Data excerpt =>
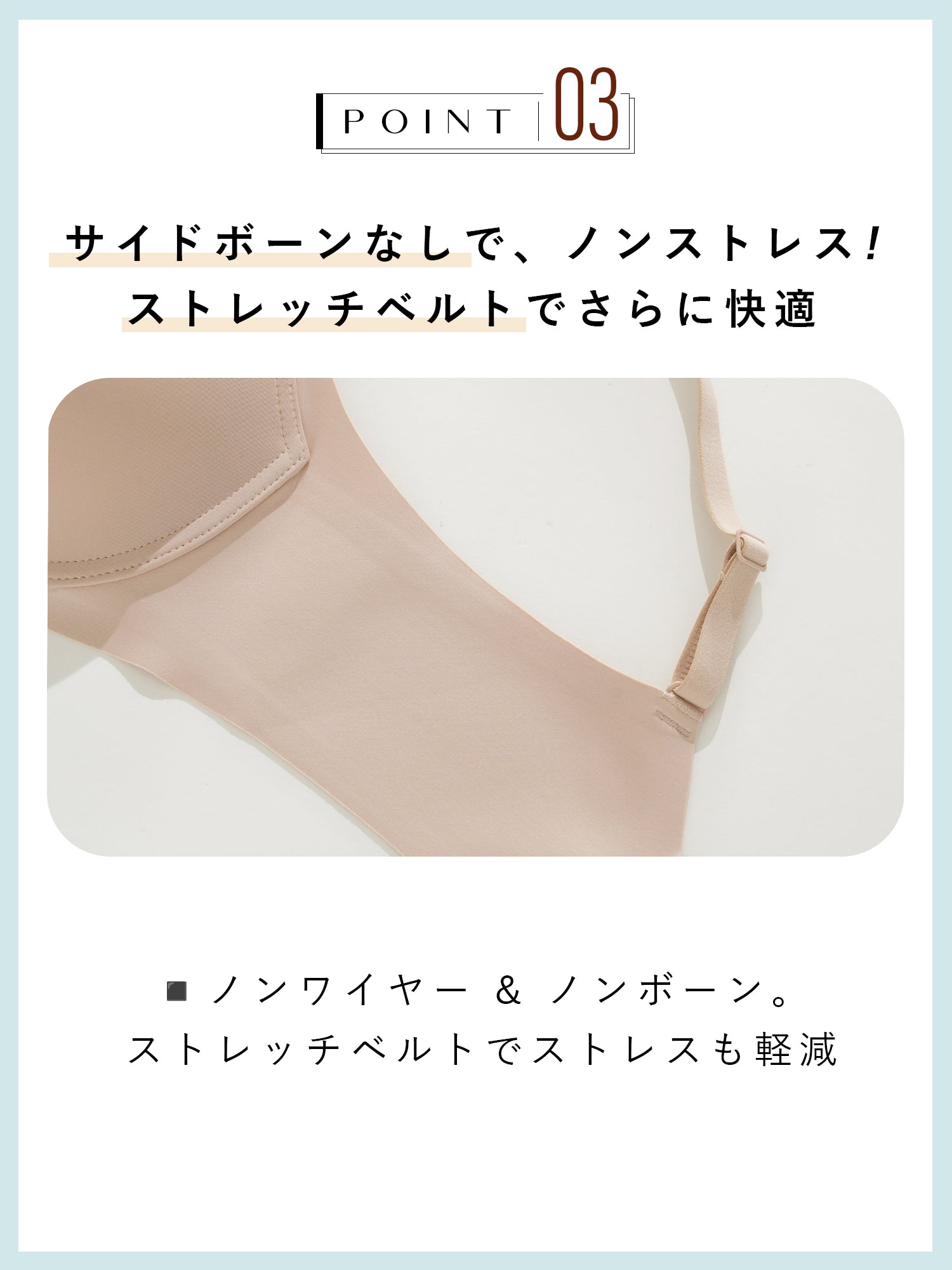 仕様 | ワイヤー:なし ホック:4段3列 肩紐:取り外し不可 |
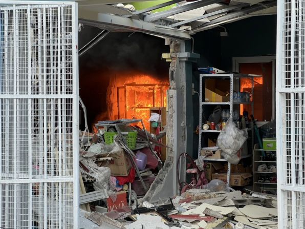 ใกล้จุดเกิดเหตุพบรถกระบะโตโยต้า 1 คัน และรถจักรยานยนต์ 2 คัน ถูกซากบ้านและเศษหินปูนถล่มทับจนเสียหาย เจ้าหน้าที่สามารถควบคุมเพลิงได้ในเวลาต่อมา พร้อมตรวจสอบหาสาเหตุของการระเบิดและไฟไหม้
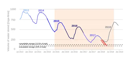 Avec le réchauffement climatique, la saison sèche devient plus longue et plus sèche, conduisant à une augmentation des pénuries. L'année 2019 voit ainsi des niveaux d'eau 10 % à 60 % inférieurs à ceux de 2018[2]. Cette année-là, le président Cyril Ramaphosa reconnaît que « la situation est terrible » dans cinq des neuf provinces sud-africaines[3].
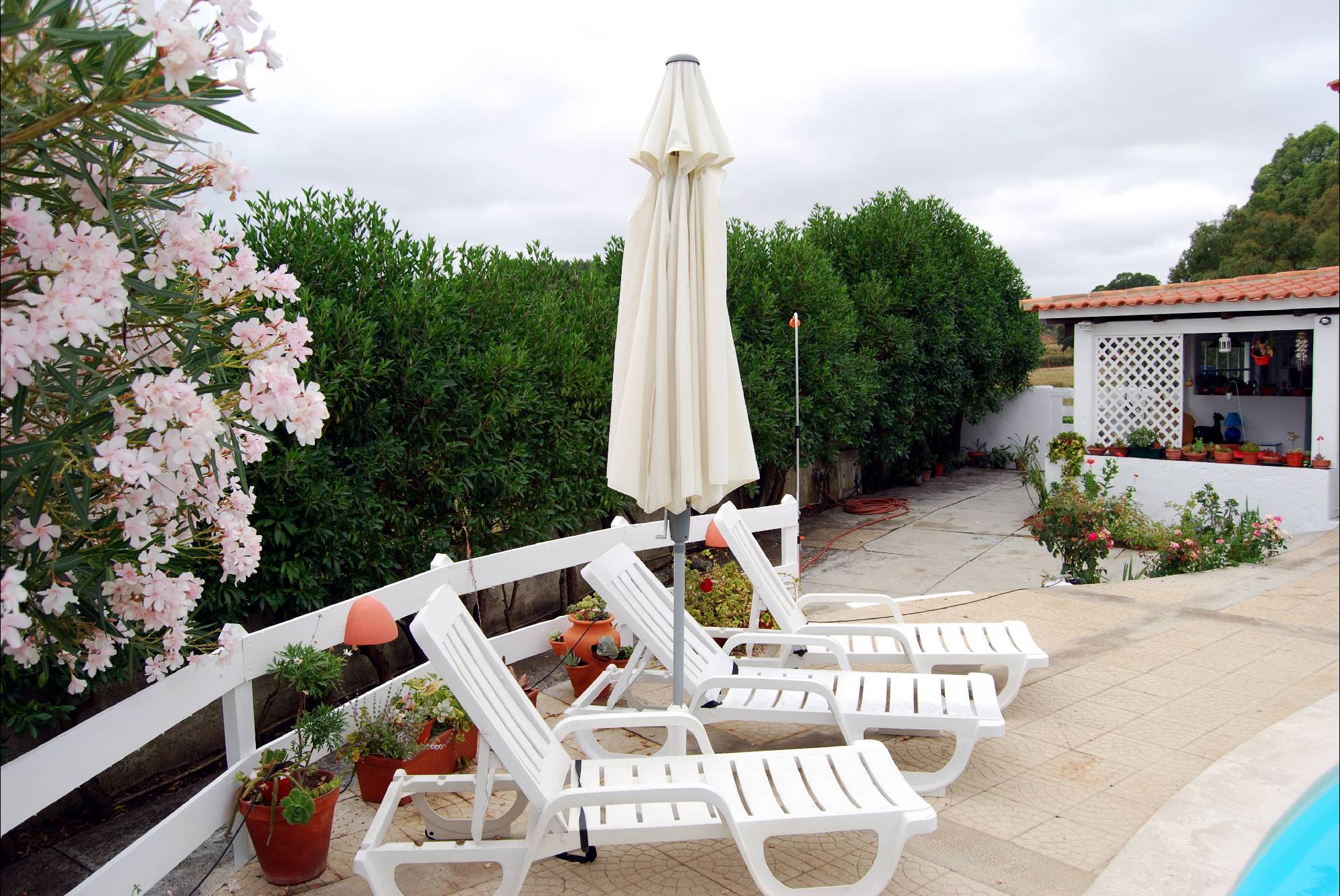 – Frigorífico com congelador (2 equipamentos : 1 no interior e outro no exterior), máquina de lavar loiça e roupa, microondas, forno, máquina café, espremedor de citrinos, chapéus de sol, espreguiçadeiras.

What to produce => Your answer should be the lines above from the one that contains "Avec le réchauffement" through the last, set down exactly, with the pictures removed.

Expected answer =>
 Avec le réchauffement climatique, la saison sèche devient plus longue et plus sèche, conduisant à une augmentation des pénuries. L'année 2019 voit ainsi des niveaux d'eau 10 % à 60 % inférieurs à ceux de 2018[2]. Cette année-là, le président Cyril Ramaphosa reconnaît que « la situation est terrible » dans cinq des neuf provinces sud-africaines[3].
 – Frigorífico com congelador (2 equipamentos : 1 no interior e outro no exterior), máquina de lavar loiça e roupa, microondas, forno, máquina café, espremedor de citrinos, chapéus de sol, espreguiçadeiras.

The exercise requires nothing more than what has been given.